## What the task requires
Return the material exactly, first line through the line containing "加绒星星厨师鞋女2025冬季新款外穿厚底增高防滑保暖包头毛毛拖鞋", and nothing more. Pictures stay out.
+++
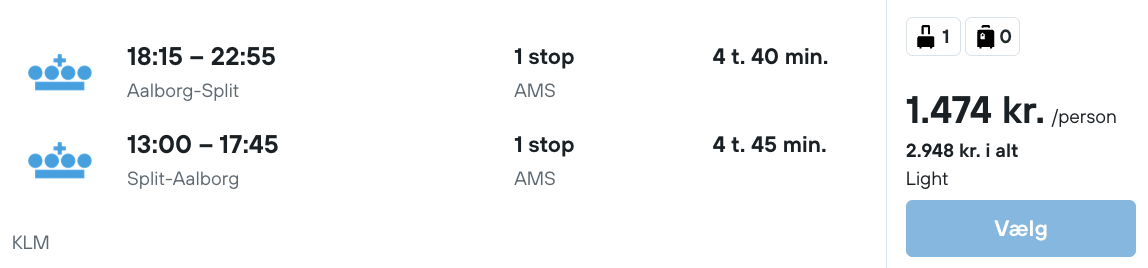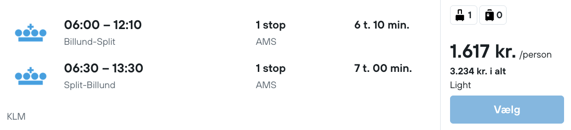 På vores flysøgningsmaskine har vi fundet billige flybilletter fra København, Aalborg og Billund til Split:
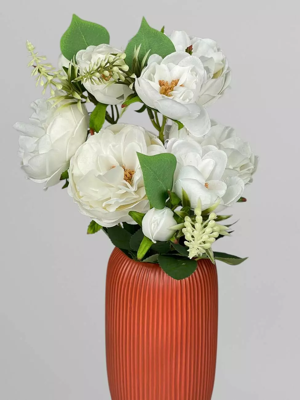 Штучний букет троянд Девіда Остіна з сатину, білий, 46 см
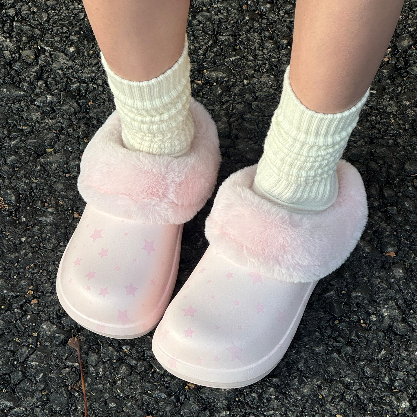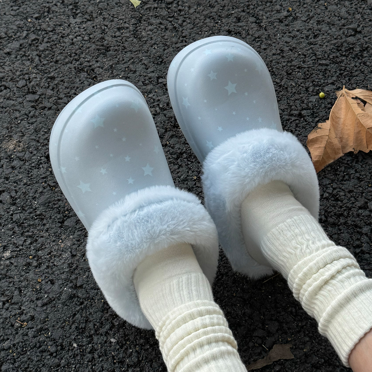 加绒星星厨师鞋女2025冬季新款外穿厚底增高防滑保暖包头毛毛拖鞋
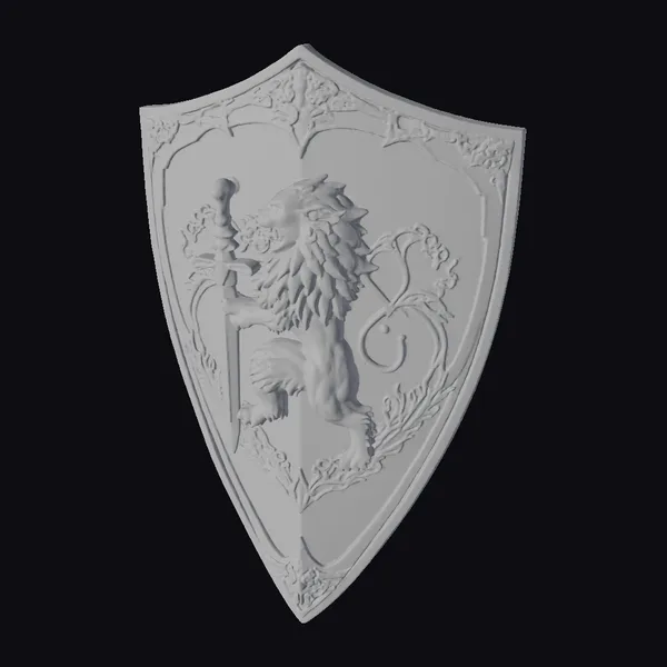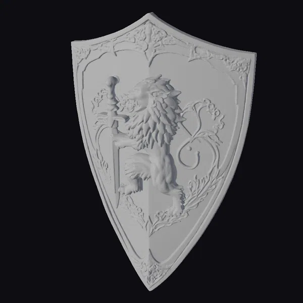 The Golden Lion Shield boasts a striking design, featuring a powerful lion standing proudly on its hind legs, grasping a sword in its right paw. The lion’s shaggy mane and detailed fur texture leap off the shield, set against a mottled gray background that resembles worn stone or metal. A delicate golden border frames the shield, adorned with ornate filigree that adds a touch of medieval grandeur. Ideal for use in games, animations, or designs seeking a symbol of courage and strength, this model is sure to make a lasting impression.
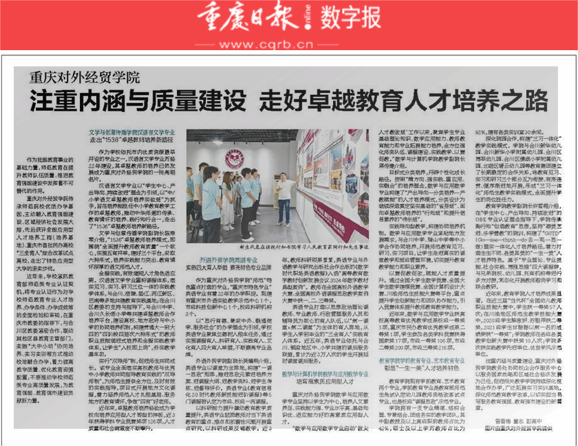 《重庆日报》报道36365线路检测中心入口注重内涵与质量建设 走好卓越教育人才培养之路
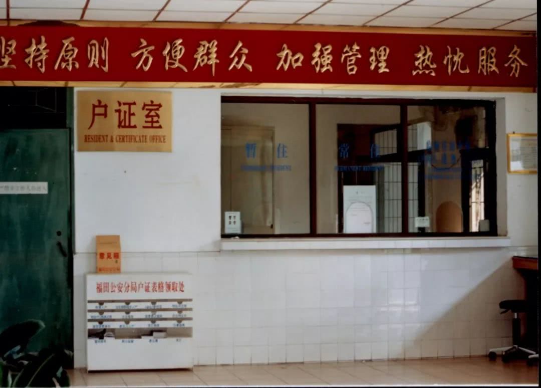 照片中,在水泥門樓的一側掛著一塊政府機關牌匾,白底黑字落有“深圳市公安局福田派出所”幾個大字。門樓上的五星紅旗熠熠生輝,透過門樓,內部有個寬敞的小院,供巡邏車停放及日常操練,再往里走便是一幢3層樓高的辦公樓,辦公樓的中央懸掛一枚警徽,彰顯警隊的莊嚴。一樓是戶政室,一縷陽光透過窗戶灑進來,讓辦事的群眾感到溫暖,也給門欄上“堅持原則 方便群眾加強管理熱忱服務”16個字鍍上了金邊,這是福田派出所對轄區(qū)老百姓的堅定承諾。
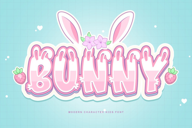 Bunny Character Kids Font A Display typeface, Bunny Modern Character Kids Font features cute and modern font design elements. Each letter of this font is easy to distinguish. You can see it cute from far or near. The letters in this font is shaped like a bunny ear, bubble-shaped, and handwritten. This font is illlegible. This typeface is the best font for kids’ supplies, like school supplies, kids’ clothes, and water bottles. Bunny Modern Character Kids Font can use on roadside posters and billboards containing promotions or product announcements about children. This font can use on book and magazine covers. This font is best for writing short sentences or words as it will look simple and clean. It can use as beverage packaging and cell phone cases. Bunny Modern Character Kids Font can use as a digital font. Perfect for animated videos and can be used as a title or subtitle that appears in the intro to write thank-you notes outside of the video. This font can be included in cartoons and fairy tales. Of all these explanations, the Bunny Modern Character Kids Font is the best children’s font. Our display font collection is compatible to use as; Figma Fonts, Canva Fonts, Freepik Fonts, and Adobe Fonts. They also work as Windows Fonts, and Apple Fonts. For your social media needs, you can use and install fonts in our collection of Espot & Futuristic fonts to use as Instagram Fonts, Facebook Fonts, and Twitter Fonts.
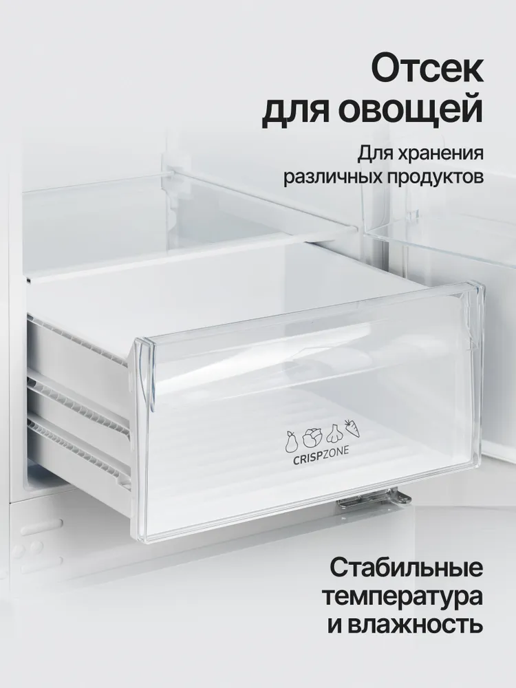Среди особенностей модели — электронное управление, суперзаморозка, три полки в холодильном отделении (две из них регулируемые), три полки на двери, а также три ящика для продуктов в морозильной камере. Есть отсек для овощей и полка для яиц.
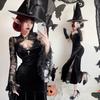 Black Lace Mesh Witch Tailcoat Dress Costume For Halloween Party Events Cosplay
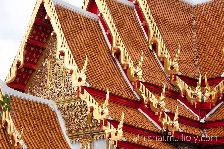 ท่านทั้งหลายเคยสังเกตุหลังคาโบสถ์ วิหาร หรือศาลาการเปรียญตามวัดต่างๆแล้วสงสัยไหมว่าทำไมวัดจึงใช้กระเบื้องมุงหลังคาที่มีสีสันต่างๆสลับกันไป เช่น สีเขียว สีเหลือง สีส้ม สีน้ำเงิน ซึ่งแตกต่างจากกระเบื้องที่มุงหลังคาตามบ้านเรือนของคนทั่วๆไปที่มักจะใช้สีเดียว
+++
## Task result
 På vores flysøgningsmaskine har vi fundet billige flybilletter fra København, Aalborg og Billund til Split:
 Штучний букет троянд Девіда Остіна з сатину, білий, 46 см
 加绒星星厨师鞋女2025冬季新款外穿厚底增高防滑保暖包头毛毛拖鞋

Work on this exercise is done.